Clark County is one of four participants in a regional sewer partnership that includes Clark Regional Wastewater District and the cities of Battle Ground and Ridgefield.
On April 17, 2012, the Board of County Commissioners approved a memorandum of understanding (MOU) that lays the groundwork for creating a regional entity under Washington law during the next four months.
Battle Ground, Ridgefield and Clark Regional Wastewater District had earlier approved the MOU. A board of directors, consisting of Clark County Commissioner Tom Mielke, Clark Regional Wastewater District Commissioner Neil Kimsey, Ridgefield Mayor Ron Onslow and Battle Ground Mayor Shane Bowman, will guide the proposed regional alliance forward.
The board, meeting on May 18, 2012, agreed that the proposed partnership should be called the Discovery Clean Water Alliance.

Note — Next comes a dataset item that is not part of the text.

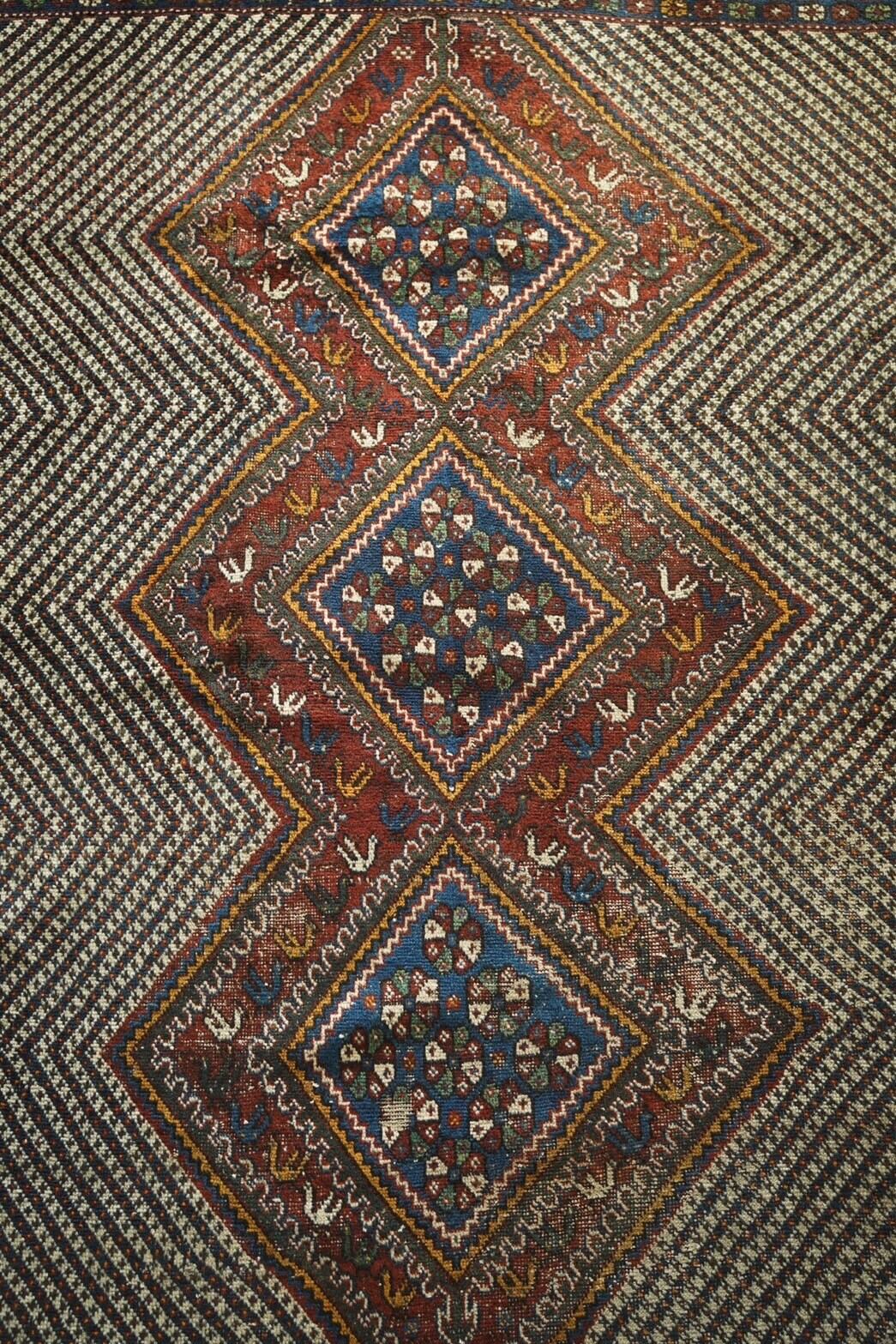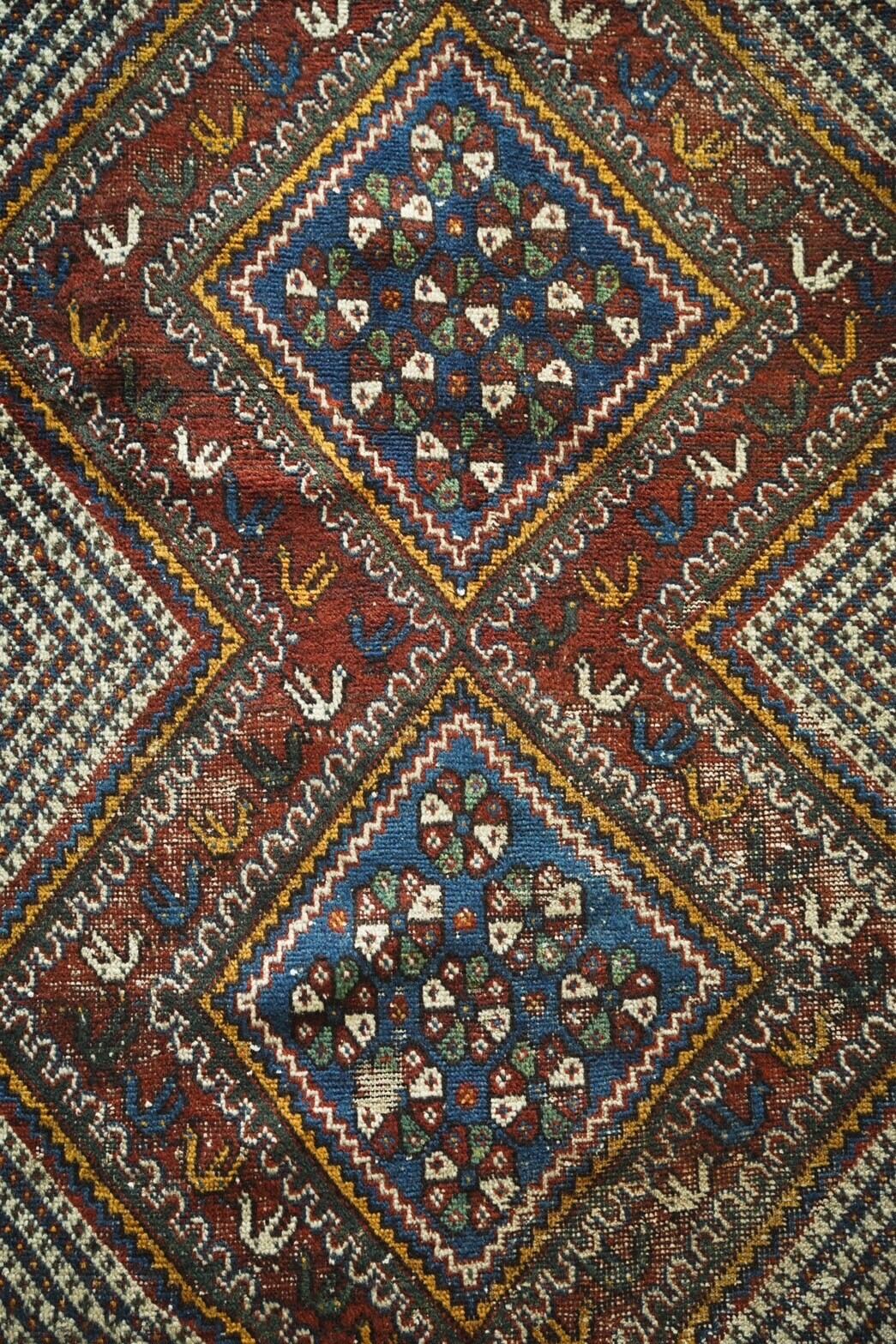 1900年代にイラン南部のファルス州のハムセ連合によって織られたアンティークラグ。

The name reflect Lewis and Clark’s “Corps of Discovery” Expedition that first explored the area more than 200 years ago, as well as the potential for sewer service to open up new employment lands for economic development and job creation.
The partnership also is projected to have economic benefits for the Hazel Dell-Salmon Creek area. To encourage economic development, sewer connection charges for Hazel Dell-Salmon Creek developments will drop by 20 to 30 percent, largely though restructuring existing debt in the current low interest rate environment. Although there will be small increases in bimonthly rates during early years (roughly at the rate of inflation), rates are projected to be reduced by 5 to 10 percent in 10 to 15 years, should development occur as expected.

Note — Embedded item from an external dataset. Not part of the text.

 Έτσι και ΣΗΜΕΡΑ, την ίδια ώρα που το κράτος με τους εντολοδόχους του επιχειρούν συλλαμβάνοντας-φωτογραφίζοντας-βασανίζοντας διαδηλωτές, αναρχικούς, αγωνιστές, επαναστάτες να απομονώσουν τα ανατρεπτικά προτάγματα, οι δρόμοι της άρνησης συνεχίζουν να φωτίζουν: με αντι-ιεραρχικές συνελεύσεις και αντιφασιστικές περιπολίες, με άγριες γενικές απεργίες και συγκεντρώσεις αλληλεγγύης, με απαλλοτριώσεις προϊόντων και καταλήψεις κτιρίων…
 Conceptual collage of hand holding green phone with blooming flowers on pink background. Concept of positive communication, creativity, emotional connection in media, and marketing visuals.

If the alliance is created, the four partners eventually would combine their existing regional assets, such as sewage treatment plants. Each partner would pay for its proportional share of operating and maintenance costs based on its sewage flow.
Sewage treatment plants
In June 2014, Clark County Commissioners agreed to transfer the county-owned Salmon Creek Wastewater Treatment Plant to the Discovery Clean Water Alliance. The county also agreed to transfer pump stations and regional interceptor sewer lines.
Clark County will continue to operate the Salmon Creek plant for a five-year period beginning Jan. 1, 2015. Plant employees would remain County employees during this five-year period.
The regional partnership eventually would decide if it wants to continue contracting with the county or have employees transferred so the alliance would have its own staff. The county expects to have a transition agreement to ensure Public Works employees would go to work for the alliance, assuming that it does not want to continue contracting with the county to operate the treatment plant.